Exercise instructions: Omit every picture, and retype the lines that run from the beginning of the data below through the line containing "전시장 입구에는 한 점의 고려청자가 전시되어 있습니다.", inclusive.

___ Data under study ___

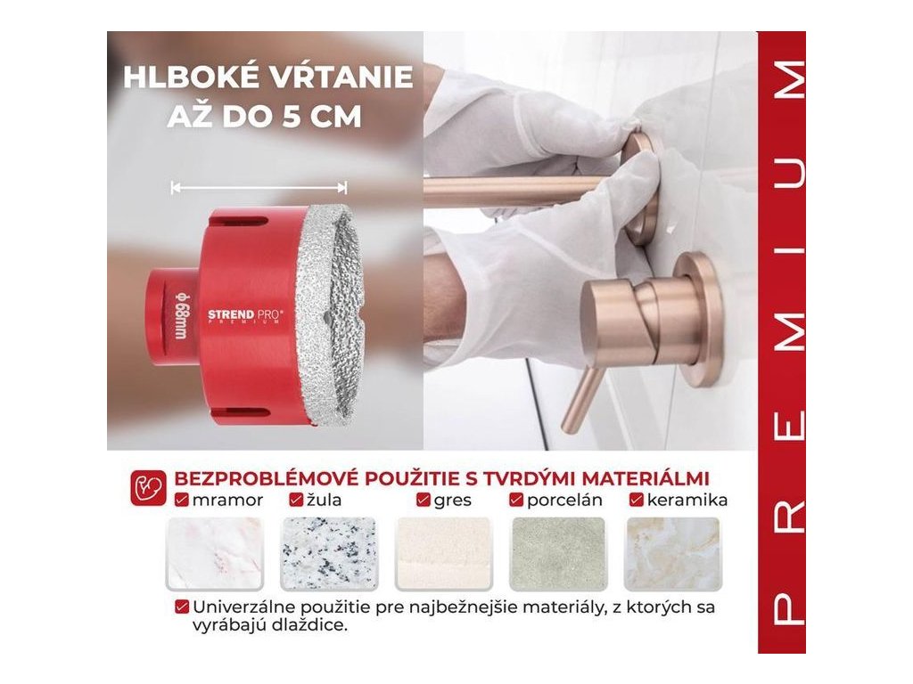 • použití: žula, mramor, obklady, keramika, gres, kámen, beton a další..
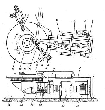 21 – вал; 22 – коническая передача; 23 – редуктор; 24 – электродвигатель
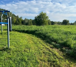 Со стороны террасы Барнхауса классный газон, все бегали босые по нему, шезлонги, скамейки и удобная мангальные зоны.
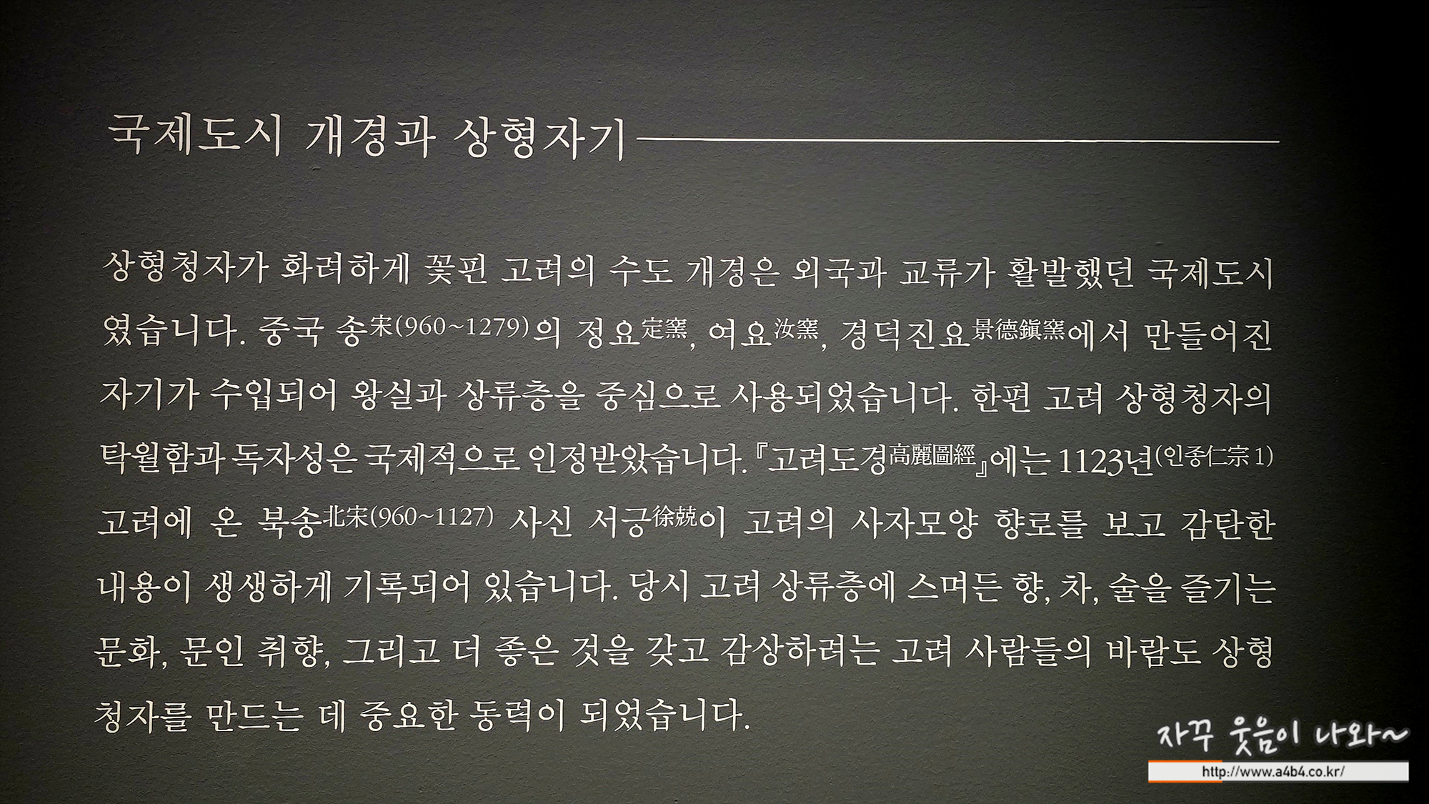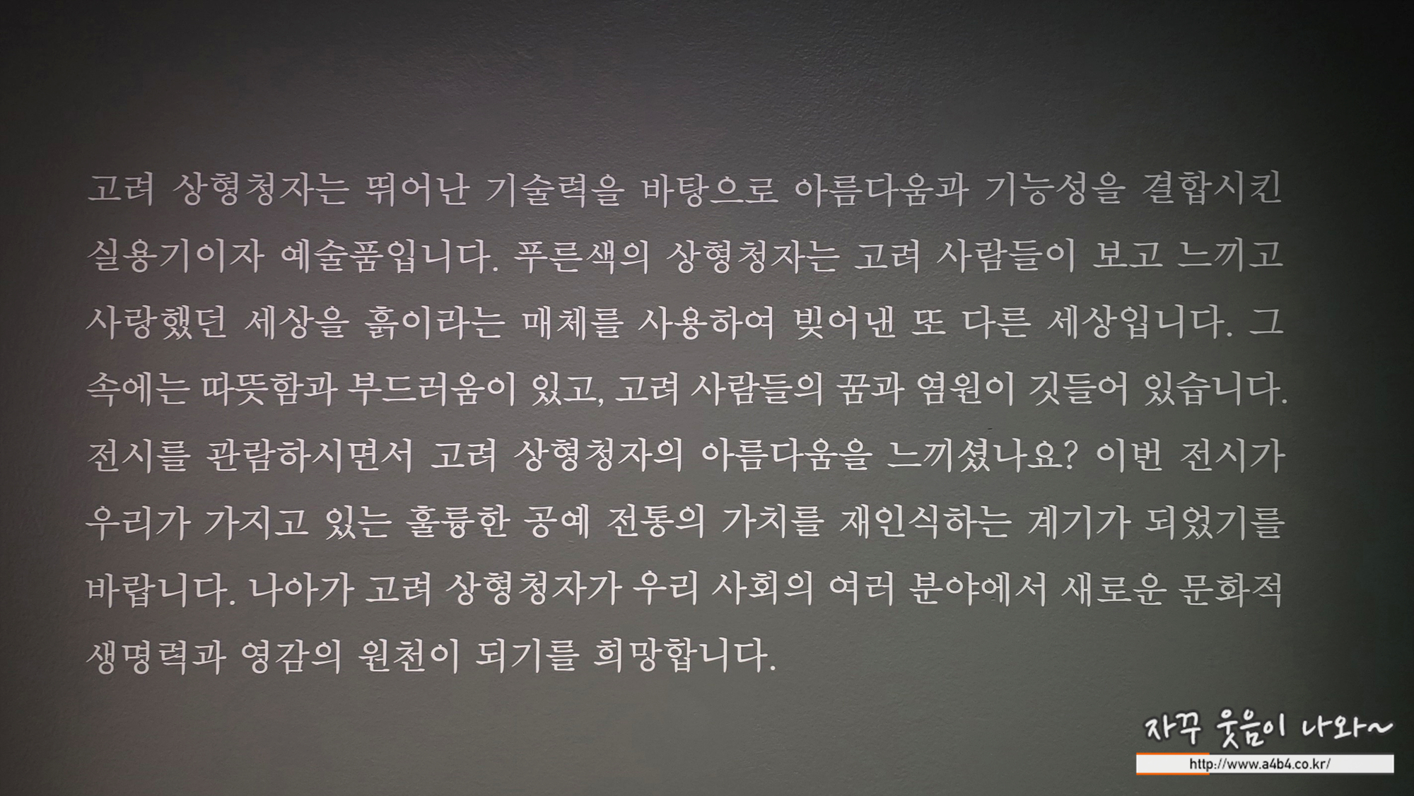 전시장 입구에는 한 점의 고려청자가 전시되어 있습니다.
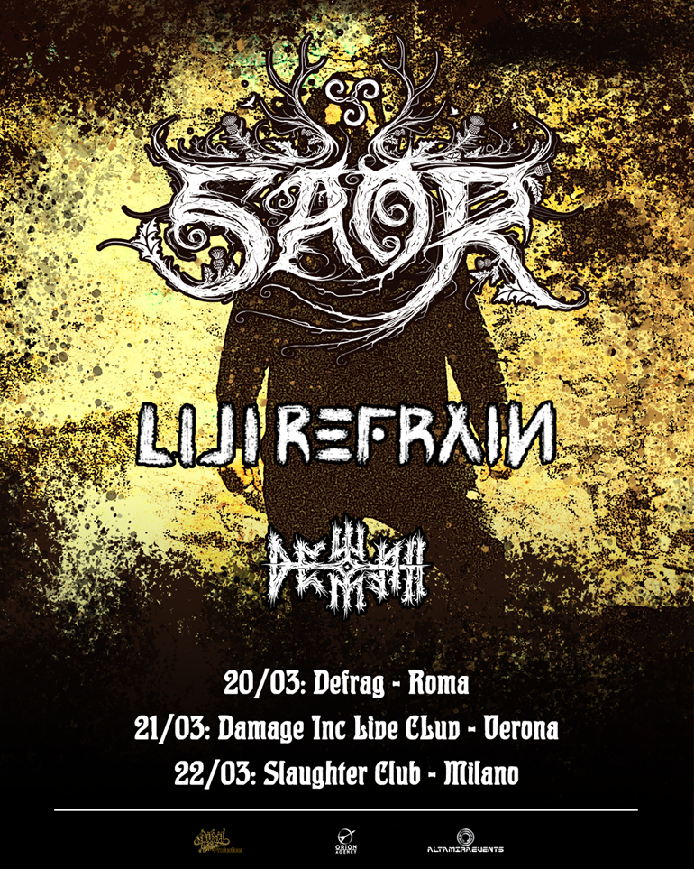 ll tour italiano di Saor, inizialmente previsto per ottobre 2025, verrà recuperato a marzo 2026 per esigenze logistiche ed organizzative, con tre concerti esclusivi. La terza data precedentemente indicata come TBA sarà il 21 marzo al Damage Inc Live Club di Verona. Confermate anche le tappe di Roma e Milano.
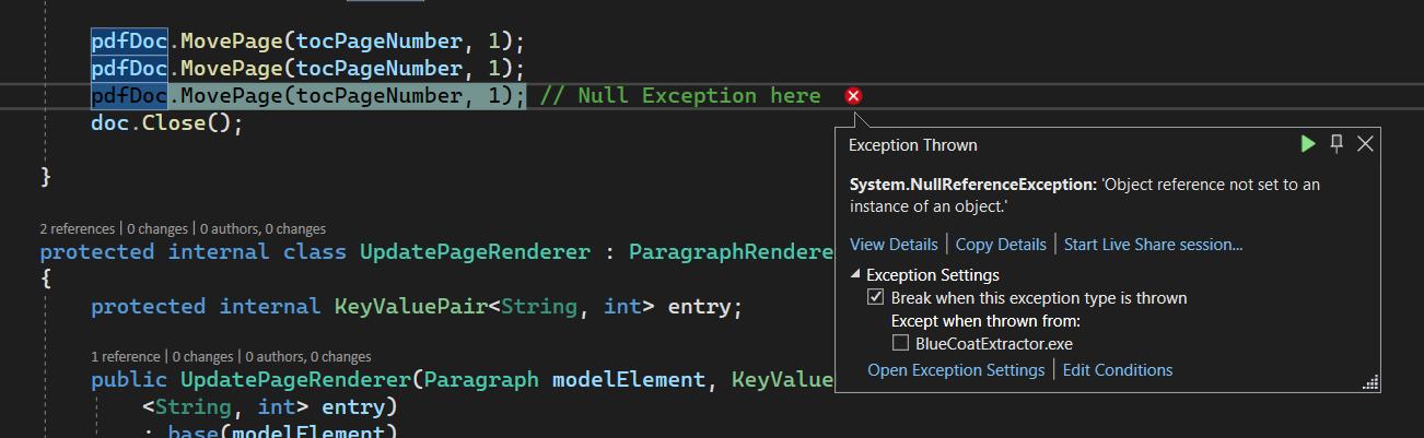 pdf.MovePage(tocPageNumber, 1); // null exception
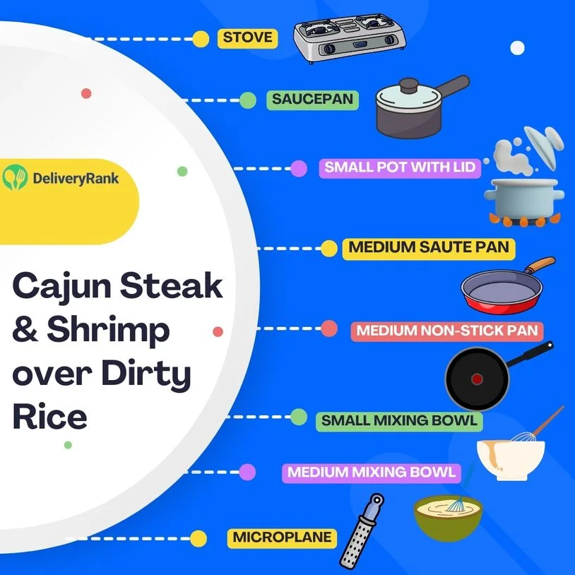 Cajun Steak & Shrimp over Dirty Rice is packed with nutrients. It's high in protein and fat, with a calorie count of just over 900.
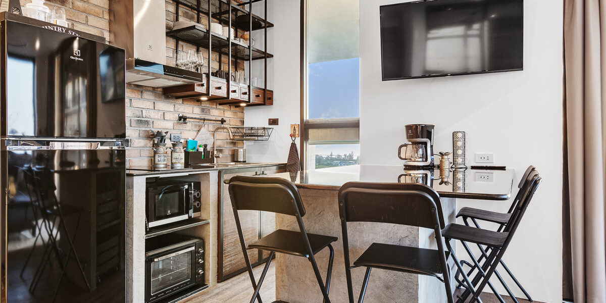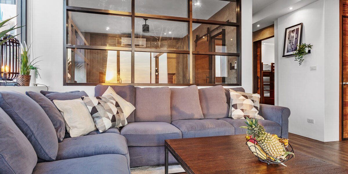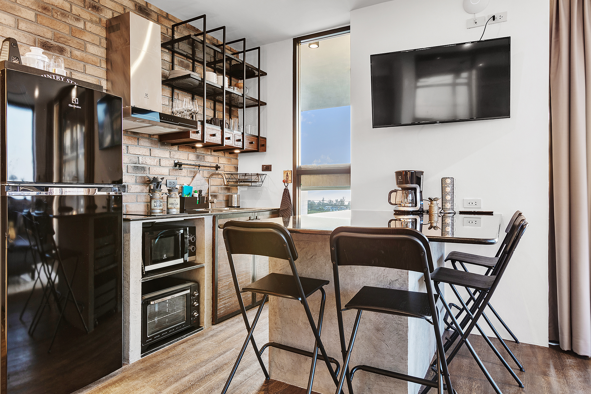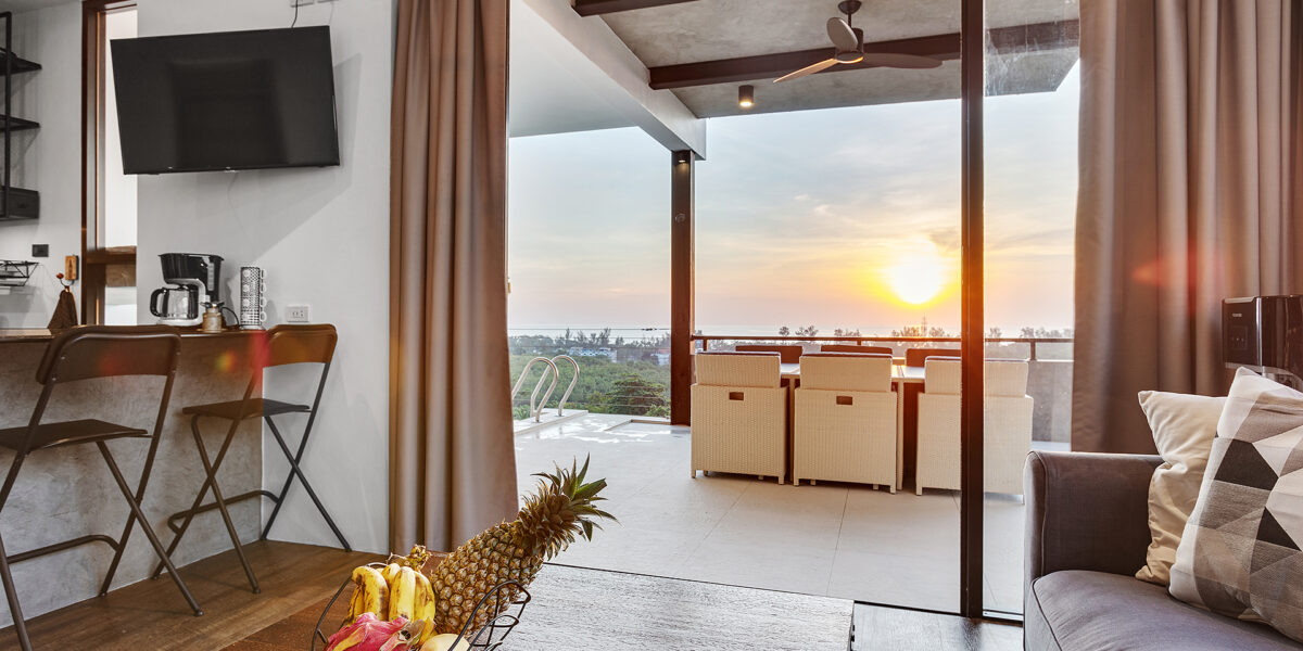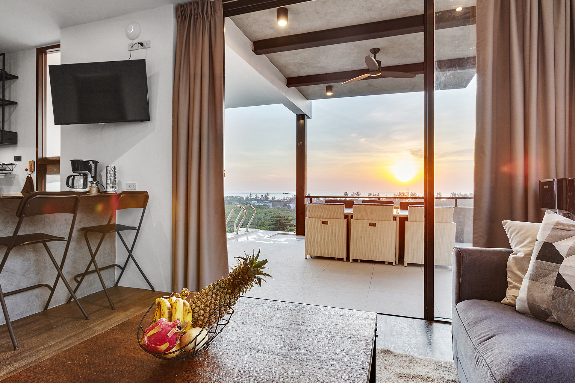 The open-plan living area features a large, ultra-comfortable sofa and a 43-inch smart TV, perfect for relaxing after a day of exploring. Floor-to-ceiling sliding glass doors open fully to the sea-view terrace, allowing for seamless indoor-outdoor living and refreshing ocean breezes.

___

Solution for this task:
 • použití: žula, mramor, obklady, keramika, gres, kámen, beton a další..
 21 – вал; 22 – коническая передача; 23 – редуктор; 24 – электродвигатель
 Со стороны террасы Барнхауса классный газон, все бегали босые по нему, шезлонги, скамейки и удобная мангальные зоны.
 전시장 입구에는 한 점의 고려청자가 전시되어 있습니다.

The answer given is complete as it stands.